I don't believe that it's
pretty sure a CANCEL of the whole cohesion is going to happen just because I
send a PREPARE_INFERIORS. I may be sending many such PREPARE_INFERIORS over a
period of hours or days and not make a choice until much later as to how to
end the cohesion. Or perhaps I've misunderstood what you
meant.
PF 2: The application
logic has gone wrong - it's lost track of what inferiors it actually
has. I would most strongly advise writers of transactional applications
to make the error path of their code cause the cancellation of anything
it can cancel, rather than try to barge their way through. And probably
even more so for writers of intermediate abstraction layers (which has
less idea what's going on and ought to be even less likely to get its table in
a twist)
PF: My
concern was to avoid forcing an implmentation to scan through the list to
check, when there is very little use that can be made of the warning, and when
the warning shouldn't happen anyway.
I
disagree that there is little that can happen when a warning occurs. Whatever
called PREPARE_INFERIORS (whether directly or via many layers of abstraction)

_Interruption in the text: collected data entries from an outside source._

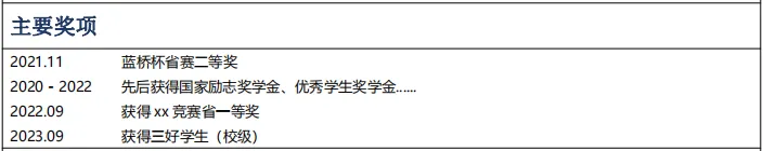 校级/省级/国家级奖项、奖学金及各种荣誉称号按获奖时间、含金量罗列;技能证书包括四六级、雅思、计算机、教师资格证、普通话等。
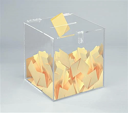 This large clear acrylic lead box, ballot box measures (12″ cube) with a hinged hasp for a pad lock. The slot size on this ballot drop box is 6.25w” x 1/2″. This sweepstakes entry box, also known as a donation box is a perfect countertop display. These transparent lead boxes are often used in town halls as well as for all types of voting in companies.
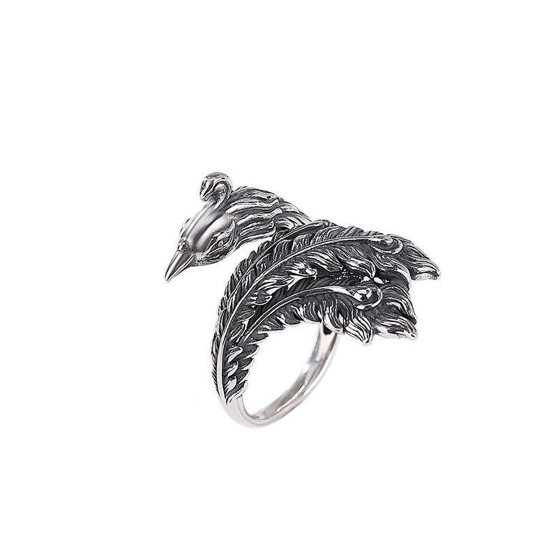 リング 男女兼用 フェニックス 羽根 モチーフ 銅製 アンティーク調 レトロ ヴィンテージ エスニック 民族風 オリエンタル オープンリング フリーサイズ 個性的なデザイン 普段使い カジュアルスタイル

had better expect that such an error can occur and to be able to deal with it.
What I'm saying is that we can say at our level that "nothing will have
prepared" if such an error occurs and that gives the higher-level abstractions
and business logic a better footing from which to deal with the error than
would otherwise be the case IMO.
There
ought to be an exception catcher, certainly. And if that really wants to carry
on, we have the mechanisms to interrogate the actual status (remember that
inferiors can go prepared spontaneously anyway). But why must the decider
implmentation be requried to produce a well-defined result to what was a
garbled instruction. The application (or abstraction) code is bugged.